Posłusznie ruszyła za nim do sypialni. Dzięki butom na miękkich podeszwach poruszali się po zniszczonych deskach podłogi prawie bezszelestnie.

Kiedy znaleźli się wreszcie w sypialni, Ace znów zbliżył usta do ucha Fiony.

– Słuchaj, naprawdę chciałbym być bohaterem, który czuwa całą noc na straży, ale niestety muszę się trochę przespać.

Fiona nie była pewna, do czego on dąży. Po południu pomagała mu rozłożyć prześcieradła na dwóch ohydnych, stojących w sypialni łóżkach, więc wiedziała, że Ace zamierza iść spać. Co w takim razie próbuje jej powiedzieć?

– Musimy spać razem – oświadczył. – Nie możemy być rozdzieleni na wypadek gdyby… gdyby ktoś tam był.

– Masz na myśli policję? Chyba byśmy ich usłyszeli. Czyż oni nie podjeżdżają białymi samochodami ze światłami migającymi na dachu i…

– Zabiłaś Hudsona?

– Oczywiście, że nie!

– Ja także nie – odpowiedział Ace. – A to oznacza, że ten, kto to zrobił, jest tam na zewnątrz. Rano wyniesiemy się stąd, ale teraz obojgu nam potrzebny jest sen i musimy być razem. Stanowimy alibi dla siebie nawzajem.

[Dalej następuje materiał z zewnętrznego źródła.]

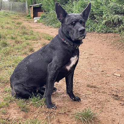Mit Artgenossen hat sie keine Probleme, aber Katzen sollten nicht in ihrem neuen Zuhause leben.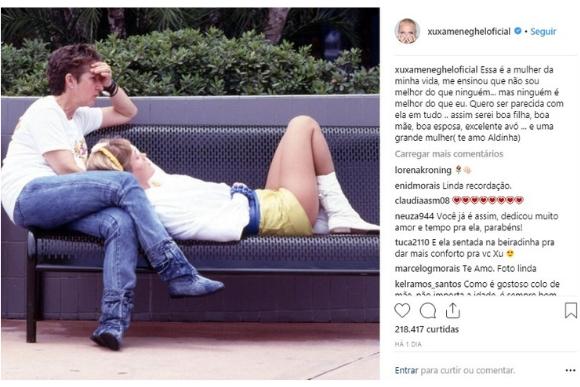 Na legenda da foto, Xuxa escreveu: “Essa é a mulher da minha vida, me ensinou que não sou melhor do que ninguém… mas ninguém é melhor do que eu. Quero ser parecida com ela em tudo .. assim serei boa filha, boa mãe, boa esposa, excelente avó … e uma grande mulher( te amo Aldinha)”.

– Cudownie. Nie mogę się wprost doczekać, żeby oświadczyć sądowi, że nie zabiłam Roya, bo byłam w łóżku z drugim jego spadkobiercą.

– Czy mogłabyś przynajmniej raz wziąć na swój ostry jak sztylet język kogo innego, nie mnie? Chcę teraz położyć się do łóżka, a oboje powinniśmy złapać tyle snu, ile tylko się da. Kto wie, co przyniesie jutro?